Один из трех бездельников пробормотал:
– Жаль.
И тут же добавил:
– Получить бы только возможность спать, крепко спать, не ощущая ни жары, ни холода, спать с чувством того изнеможения, какое бывает после утомительных вечеров, спать без сновидений!
– Почему без сновидений? – спросил сосед.
Тот отвечал:
– Потому что сны не всегда приятны: они причудливы, неправдоподобны, бессвязны, и когда спишь, нет даже возможности по своему вкусу насладиться лучшим из них. Стало быть, надо грезить наяву.
– Кто же вам мешает? – спросил писатель.
Доктор бросил свою сигару.
– Мой милый, для того чтобы грезить наяву, необходимы внутренняя собранность и большая работа воли, а это вызывает сильную усталость. Настоящая греза наша, мысленная прогулка по миру очаровательных видений, несомненно, самое восхитительное, что есть на свете, но она должна возникать естественно, без напряжения; кроме того, она должна сопровождаться чувством физического блаженства. Такую грезу я могу вам предложить, но при условии, что вы дадите обещание не злоупотреблять ею.
Писатель пожал плечами:
– Ну да, знаю, это гашиш, опиум, зеленое варенье, искусственный рай. Бодлера я читал[74] и даже отведал пресловутого зелья, от которого не на шутку расхворался.

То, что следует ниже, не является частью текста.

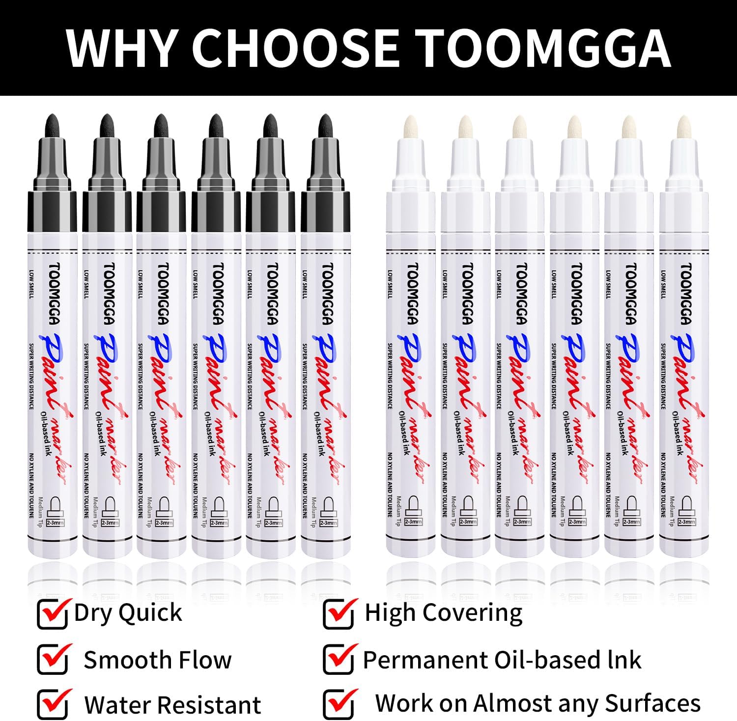 - Premium Quality: Each white & black paint pens paint markers is independently tested, selected, and packaged in individual heat shrink film. Before use: Face tip upright,push against finger. Re-cap and shake. Press tip on surface several times

Но доктор прочно расположился в кресле.
– Нет, это эфир, только эфир, и добавлю даже, что вам, писателям, не мешало бы иногда применять это средство.
Трое холостяков подошли ближе.
– Объясните нам его действие, – попросил один из них.
Доктор продолжал:
– Оставим в стороне громкие слова, не так ли? Я не говорю ни о медицине, ни о нравственности: я говорю о наслаждении. Вы ежедневно предаетесь излишествам, сокращающим вашу жизнь. Я же хочу обратить ваше внимание на новое ощущение, доступное лишь людям интеллекта, скажу даже, большого интеллекта; оно вредно, как все, что чрезмерно возбуждает наши органы, но восхитительно. Добавлю, что вам понадобится некоторая подготовка, то есть некоторая привычка, для того чтобы воспринять в полной мере своеобразное действие эфира.
Оно не похоже на действие, производимое гашишем, опиумом или морфием, и сразу же прекращается, как только прервано впитывание лекарства, тогда как другие возбудители грез продолжают действовать в течение многих часов.
Теперь я постараюсь как можно обстоятельнее разобраться в том, что ощущаешь при этом. Но задача эта не из легких, до того тонки, почти неуловимы эти ощущения.
Я применял это средство во время приступов ужаснейшей невралгии и с тех пор, быть может, немного им злоупотреблял.
У меня была страшная головная боль, болела шея, а кроме того, был нестерпимый жар, лихорадочное состояние. Я взял большой пузырек эфира, улегся и начал медленно его вдыхать.
Через несколько минут мне послышался смутный шум, который вскоре перешел в какое-то гудение, и мне показалось, что все тело становится легким, легким, как воздух, и словно растворяется.
Затем наступило нечто вроде душевного оцепенения, приятное состояние дремоты, несмотря на продолжавшиеся боли, которые перестали, однако, быть мучительными. Это были уже такие страдания, с которыми примиряешься, а не та ужасная пытка, против которой восстает все наше измученное тело.
Своеобразное и восхитительное ощущение пустоты в груди вскоре расширилось; оно перешло на конечности, которые, в свою очередь, стали такими легкими, будто тело и кости растаяли и осталась одна кожа, для того чтобы я мог воспринять всю сладость этого дивного состояния. Я заметил, что больше не страдаю. Боль исчезла, как-то растаяла, растворилась. И я услышал голоса, четыре голоса, два диалога, но не мог разобрать слов. То это были неясные звуки, то до меня как будто доходило какое-то слово. Но я понял, что это просто усилившийся шум в ушах. Я не спал, я бодрствовал: я понимал, чувствовал, рассуждал ясно, глубокомысленно, с необычайной силой и легкостью ума, испытывая странное упоение оттого, что мои умственные способности удесятерились.